Another network is described in detail in the third section. The entire DARQN model is trained by minimizing the loss function of the sequence:

Where $Y _t$ is an approximate target value, in order to optimize this loss function, we use the standard q-learning update rule:

DARQN in the functions are differentiable, so each parameter has a gradient, the entire model can be end-to-end training. The algorithm of this paper also draws on the technology of target network and experience replay.

  Hard Attention:

The hard attention mechanism samples here require only one image patch to be sampled from the image.

Assuming that $s _t$ is sampled from the environment, it is affected by the attention policy, and the SOFTMAX layer of attention Network G gives the category distribution with parameters (categorical distribution). Then, in the policy gradient method, the update of the policy parameter can be expressed as:

Where $R _t$ is the loss of future discounts. To estimate this value, another network $G _t = Linear (h_t) $ is introduced. The network is trained on the network through the _t$ of expectations $Y. The final update of the Attention network parameter is done in the following manner:

where $G _t-y_t$ is the advantage function estimation.

  

The author provides the source code:Https://github.com/5vision/DARQN

  

Experimental Section :

  

  Summary :

  

Paper notes: Deep Attention recurrent q-network

Contact Us

The content source of this page is from Internet, which doesn't represent Alibaba Cloud's opinion; products and services mentioned on that page don't have any relationship with Alibaba Cloud. If the content of the page makes you feel confusing, please write us an email, we will handle the problem within 5 days after receiving your email.
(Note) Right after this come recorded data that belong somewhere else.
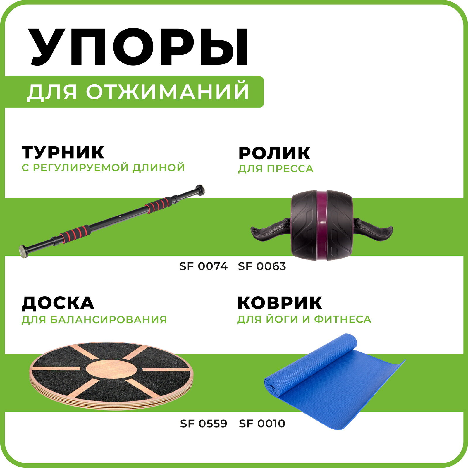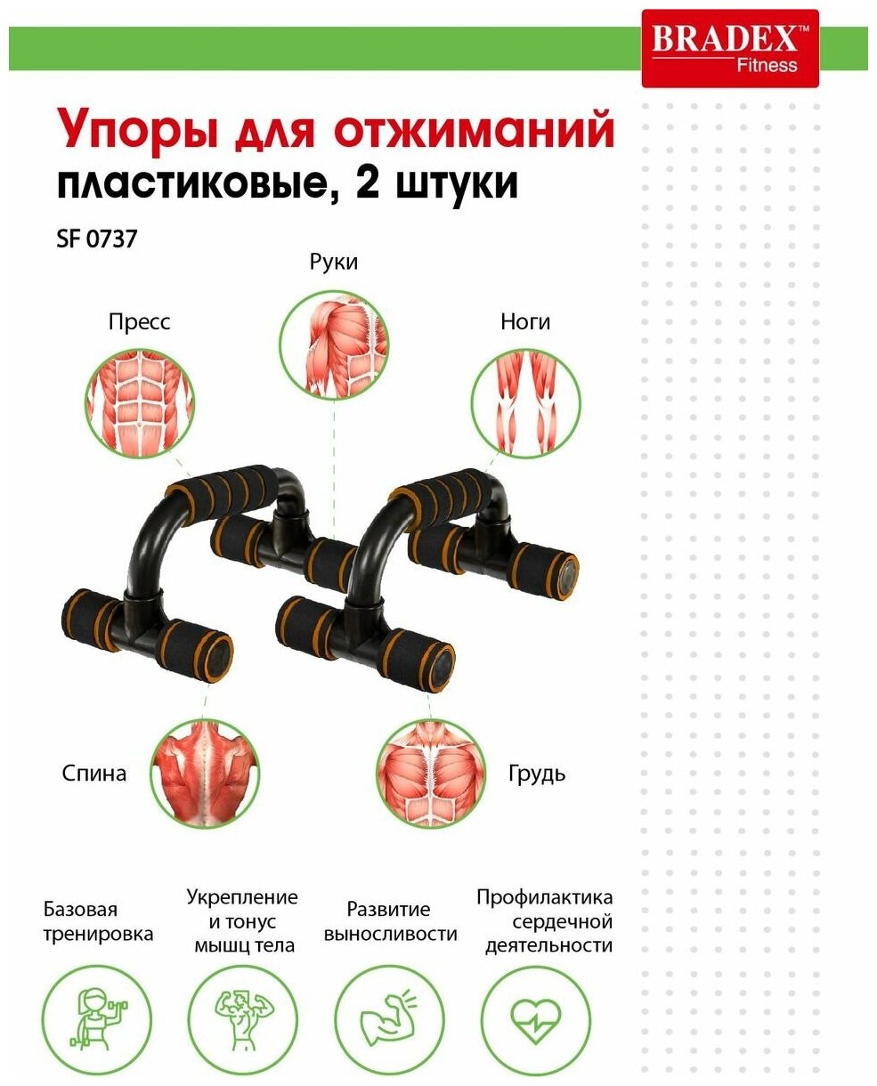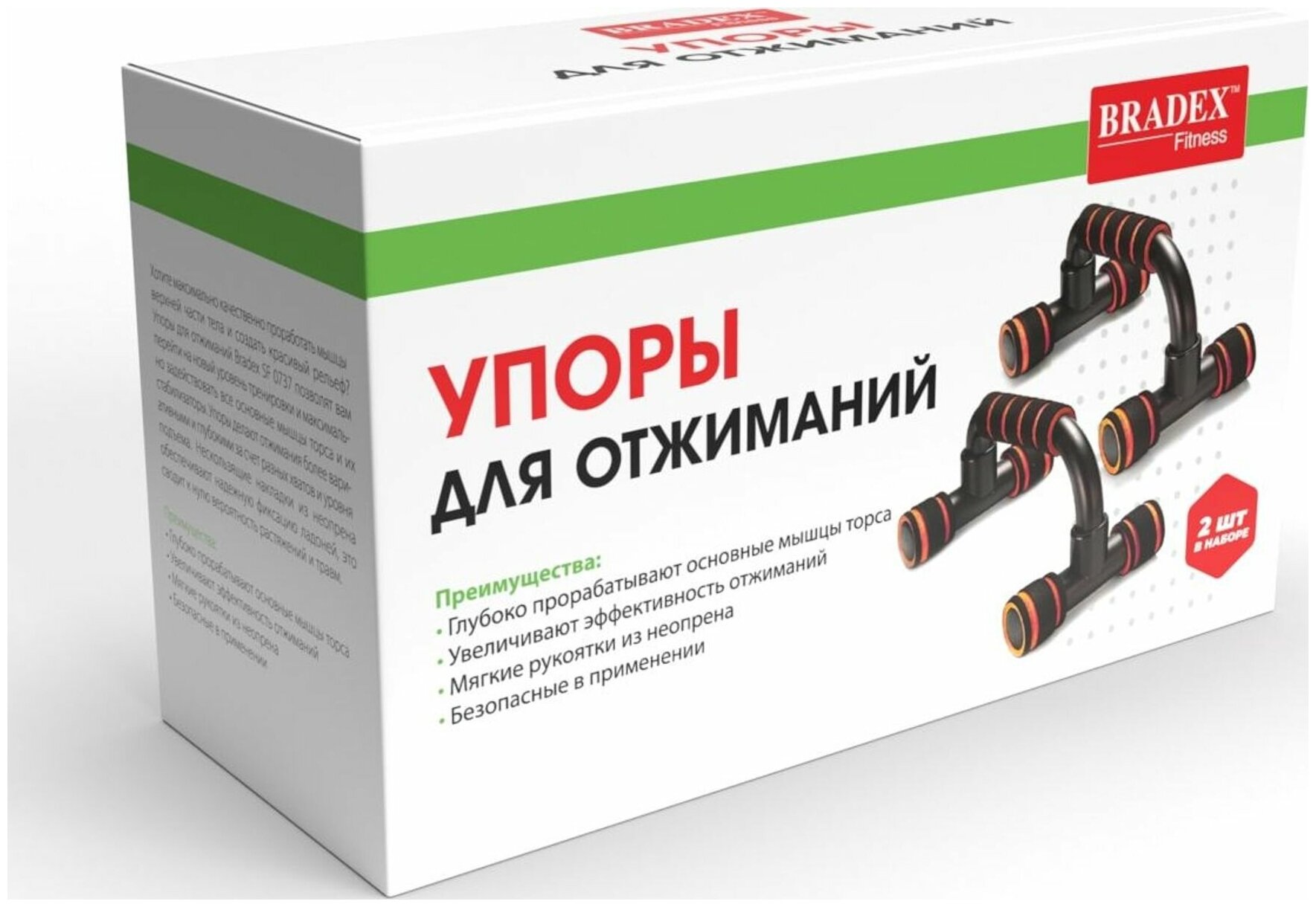 Хотите максимально качественно проработать мышцы верхней части тела и создать красивый рельеф? Упоры для отжиманий Bradex SF 0737 позволят вам перейти на новый уровень тренировки и максимально задействовать все основные торса и их стабилизаторы. Упоры делают отжимания более вариативными и глубокими за счет разных хватов и уровня подъема. Нескользящие накладки из неопрена обеспечивают надежную фиксацию ладоней, это сводит к нулю вероятность растяжений и травм.
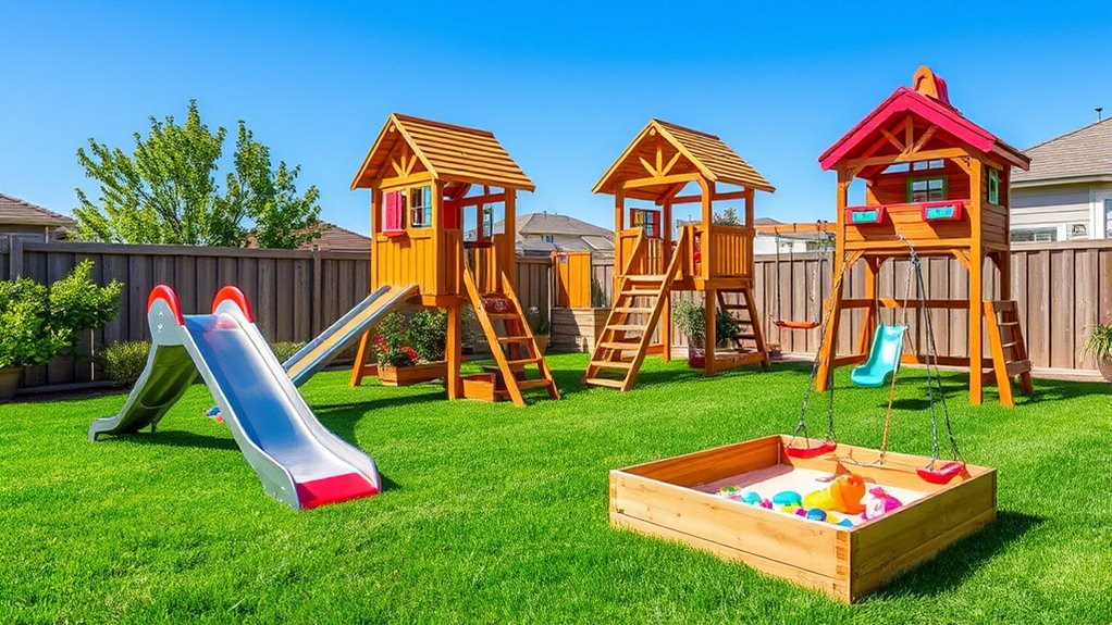 If you want to turn your yard into a playground paradise, I recommend exploring top-tier outdoor play equipment sets. These premium options feature durable cedar wood, weather-resistant plastic, and engaging components like slides, swings, climbing walls, and pretend play areas. They’re designed for safety, stability, and fun for kids of all ages. Keep in mind size and assembly ease to find the perfect fit. If you keep exploring, you’ll discover even more ways to create a fun backyard haven.
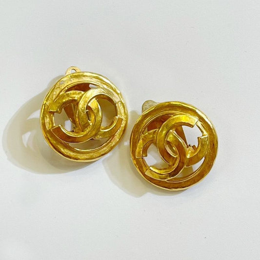 Chanel ⑤ 70-80s Vintage Coco Mark Circle Earrings Ladies Gold
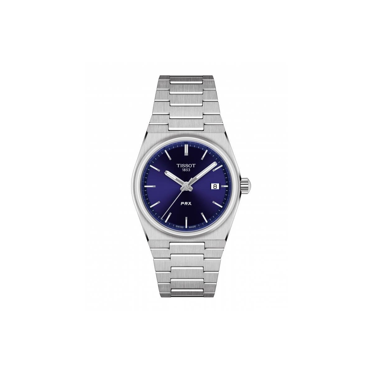 Unisex-Armbanduhr Prx mit Quarz-Zeitanzeigefunktion, Gehäuse und Armband aus Stahl, 35-mm-Gehäuse und blauem Zifferblatt. Schmetterlingsverschluss mit Knöpfen.
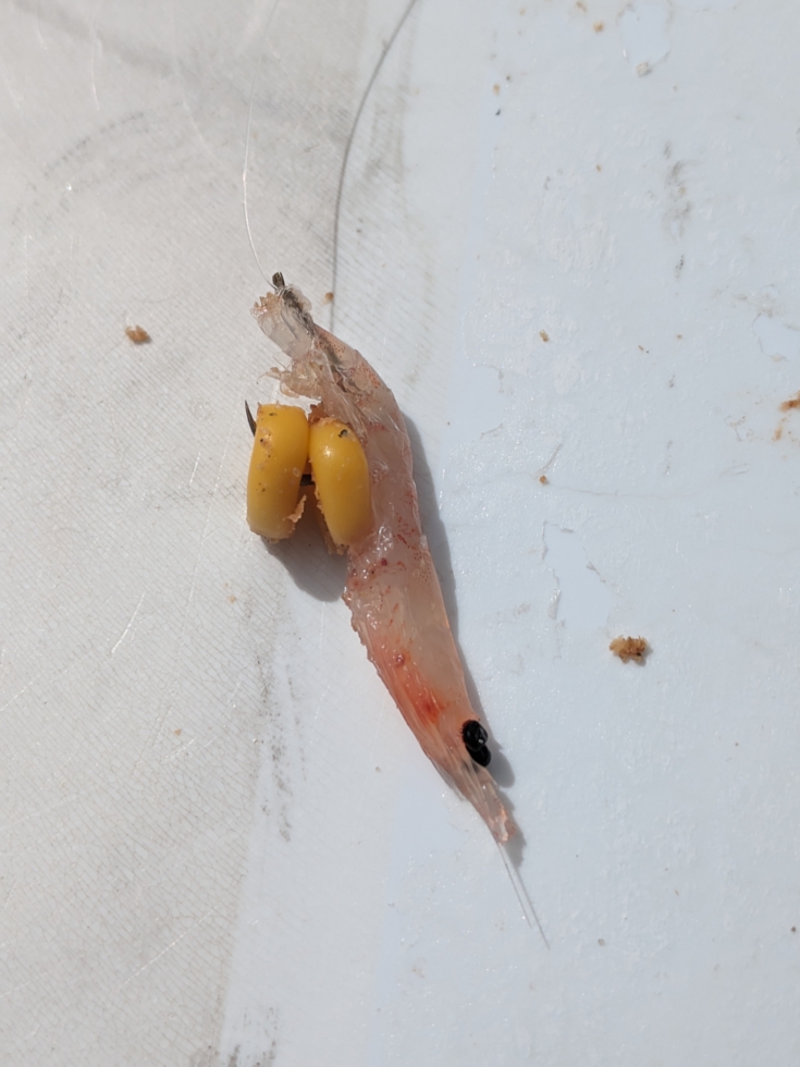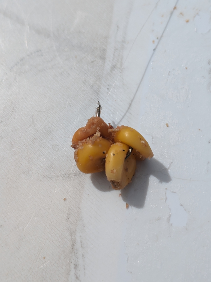 使った理由として、LLサイズのオキアミとコーン抱き合わせる、4ヶ以上のコーンを数珠掛けするなど、複数のサシエをたくさんつけたいゆえ大型号数が必要で、その結果、サシエのホールド力を高め、アピール力へと結び付くと実感しています。

If you find any instances of plagiarism from the community, please send an email to: info-contact@alibabacloud.com and provide relevant evidence. A staff member will contact you within 5 working days.

A Free Trial That Lets You Build Big!

Start building with 50+ products and up to 12 months usage for Elastic Compute Service

  • Sales Support

    1 on 1 presale consultation

  • After-Sales Support

    24/7 Technical Support 6 Free Tickets per Quarter Faster Response

  • Alibaba Cloud offers highly flexible support services tailored to meet your exact needs.